Absolutely categorization / labeling are HUGE. We have a team member that just manages a team that does this.
Thanks appreciate thw answers
What is a good way to scale judgements collection or ranking feedback for Enterprise search. Clicks do not mean the same things as in online shopping scenarios. Is thumb up/thumb down on the search result a good way to collect feedback? I had to build a judgement list for 1 experiment and it is a slow and painful process
Enterprise search is tough in part because nobody on your company in really that incentivized directly to make themselves/their content findable. If anything, they have the opposite incentive. They want to not be bothered, lol. Contrast this with Web search, where everyone is trying to SEO their content to get in front of as many eyeballs as possible
It’s also domain specific, making things tougher 😬
For a large org, with a heavily used app, you could use clicks for your head queries. BUT of course, as you get down the long tail, that gets tougher
Definitely agree about incentives. It is a pain
yeah not my favorite domain…
I would probably gather feedback informally myself from qualitative feedback and turn it into judgments, rather than make users rate items
And likely give people a very simple button to complain about a whole page of results (with very few fields to fill out, if any). Then when they click, capture the query + results. And if you can, you can find that person, and get more info, and turn that into relevance judgments
Great. Thank you for the idea
Transformer based Search engines vs ES based search engines which to choose when, what types of challenges each have? Cause I think there are lots of BERT models used for search
I think in a way BERT-like search will take over for first pass search, that’s text heavy. However, in my experience, no technique ever really “dies” in search. So lots of classic relevance approaches, that people use to explicitly manage and understand queries - like simple dictionaries/taxonomies managed by specialists - I think will continue. In part this is because of the often specialized nature of the search app. Another reason is the focus on precision, and in many cases the kind of explicit control a traditional taxonomy based approach built on an index like ES is preferred to have really fine-grain precision
Also not all search is very text-centric, the text might be unreliable/noisy, and BERT seems ideal for text passages
Hey Doug Turnbull, What is the difference between a search engine and a recommender system?
I have no idea 😆
Probably the difference is really how explicit and active the users intent is from the user’s PoV, but implementation wise they are just on one spectrum
Good answer 🙂
Doug Turnbull maybe Kim Falk knows? I’ve heard he’s answering questions in August here.

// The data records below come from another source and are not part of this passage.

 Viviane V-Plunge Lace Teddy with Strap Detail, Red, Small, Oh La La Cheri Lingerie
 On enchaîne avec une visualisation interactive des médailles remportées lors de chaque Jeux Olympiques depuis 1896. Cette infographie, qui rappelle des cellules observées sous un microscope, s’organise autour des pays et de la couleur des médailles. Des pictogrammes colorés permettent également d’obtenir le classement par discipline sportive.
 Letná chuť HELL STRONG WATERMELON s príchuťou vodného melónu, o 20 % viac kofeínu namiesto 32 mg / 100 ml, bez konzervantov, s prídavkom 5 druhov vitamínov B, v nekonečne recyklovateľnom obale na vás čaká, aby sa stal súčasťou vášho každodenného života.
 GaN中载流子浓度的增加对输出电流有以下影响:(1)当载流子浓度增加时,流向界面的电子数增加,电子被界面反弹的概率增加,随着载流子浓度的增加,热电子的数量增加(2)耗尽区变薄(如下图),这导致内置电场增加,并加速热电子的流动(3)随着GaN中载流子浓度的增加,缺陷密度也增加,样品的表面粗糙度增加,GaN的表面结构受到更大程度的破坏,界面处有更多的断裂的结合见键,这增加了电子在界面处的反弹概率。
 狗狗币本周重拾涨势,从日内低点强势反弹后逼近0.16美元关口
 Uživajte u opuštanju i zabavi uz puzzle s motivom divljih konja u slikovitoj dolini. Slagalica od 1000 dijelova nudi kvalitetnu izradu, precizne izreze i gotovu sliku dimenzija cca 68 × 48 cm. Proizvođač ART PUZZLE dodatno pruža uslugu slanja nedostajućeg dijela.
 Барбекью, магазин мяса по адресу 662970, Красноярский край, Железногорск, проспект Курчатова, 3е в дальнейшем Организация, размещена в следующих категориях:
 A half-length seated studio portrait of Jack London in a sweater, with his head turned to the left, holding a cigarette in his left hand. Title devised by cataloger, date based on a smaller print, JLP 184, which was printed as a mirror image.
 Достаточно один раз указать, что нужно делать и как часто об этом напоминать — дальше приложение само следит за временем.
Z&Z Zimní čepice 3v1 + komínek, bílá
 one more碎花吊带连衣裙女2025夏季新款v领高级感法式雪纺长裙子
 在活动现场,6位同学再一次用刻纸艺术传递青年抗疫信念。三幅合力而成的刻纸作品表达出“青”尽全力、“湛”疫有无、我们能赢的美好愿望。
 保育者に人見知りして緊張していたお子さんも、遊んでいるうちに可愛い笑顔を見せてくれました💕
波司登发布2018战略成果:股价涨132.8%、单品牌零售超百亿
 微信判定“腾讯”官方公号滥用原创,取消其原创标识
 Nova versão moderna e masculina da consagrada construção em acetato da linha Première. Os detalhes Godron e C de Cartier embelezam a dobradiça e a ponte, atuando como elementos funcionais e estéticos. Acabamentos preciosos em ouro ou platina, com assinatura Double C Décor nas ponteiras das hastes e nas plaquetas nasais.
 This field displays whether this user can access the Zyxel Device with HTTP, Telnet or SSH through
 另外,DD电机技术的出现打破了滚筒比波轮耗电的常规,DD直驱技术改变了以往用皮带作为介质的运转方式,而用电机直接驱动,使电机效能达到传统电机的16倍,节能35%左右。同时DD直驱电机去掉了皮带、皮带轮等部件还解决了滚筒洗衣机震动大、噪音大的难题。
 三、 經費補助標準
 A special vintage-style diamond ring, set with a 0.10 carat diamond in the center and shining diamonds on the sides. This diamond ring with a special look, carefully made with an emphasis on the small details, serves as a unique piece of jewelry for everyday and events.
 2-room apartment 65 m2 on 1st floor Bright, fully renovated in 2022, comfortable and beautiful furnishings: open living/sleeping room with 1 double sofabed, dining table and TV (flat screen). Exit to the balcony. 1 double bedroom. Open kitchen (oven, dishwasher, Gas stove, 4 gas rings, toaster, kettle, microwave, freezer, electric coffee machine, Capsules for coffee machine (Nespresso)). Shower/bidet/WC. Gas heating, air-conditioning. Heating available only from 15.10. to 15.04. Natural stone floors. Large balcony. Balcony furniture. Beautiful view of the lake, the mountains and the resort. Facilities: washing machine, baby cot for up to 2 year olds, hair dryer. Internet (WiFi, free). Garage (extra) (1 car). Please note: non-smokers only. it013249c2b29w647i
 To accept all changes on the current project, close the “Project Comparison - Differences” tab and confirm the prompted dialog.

Do you know how it works? The query is “movie where a man wakes up on the same day” and it correctly identifies it as “Groundhog Day”
google just amazes sometimes 🙂. But as it’s a long form query, and likely in the realm of BERT/transformers/question answering kinds of solutions.
To me, I’m always first interested in what the loss function was to train such a thing, and the specific training task to predict missing terms in a piece of text by randomly masking them is quite interesting. Link.
Even before defining the loss function, I imagined they needed a lot of training data for that. Do you think just relying on clicks would be sufficient in this case?
Perhaps there’s a separate flow for movies and books
yes google has looooooots of training data (and lots of smart people working on the prob). At high scale, like web search, they probably can rely on clicks.
I doubt there’s a separate flow, I bet you can generalize these patterns regardless of topic…
How to evaluate search system?
How to achieve micro second search result on BERT based system with TBs of data?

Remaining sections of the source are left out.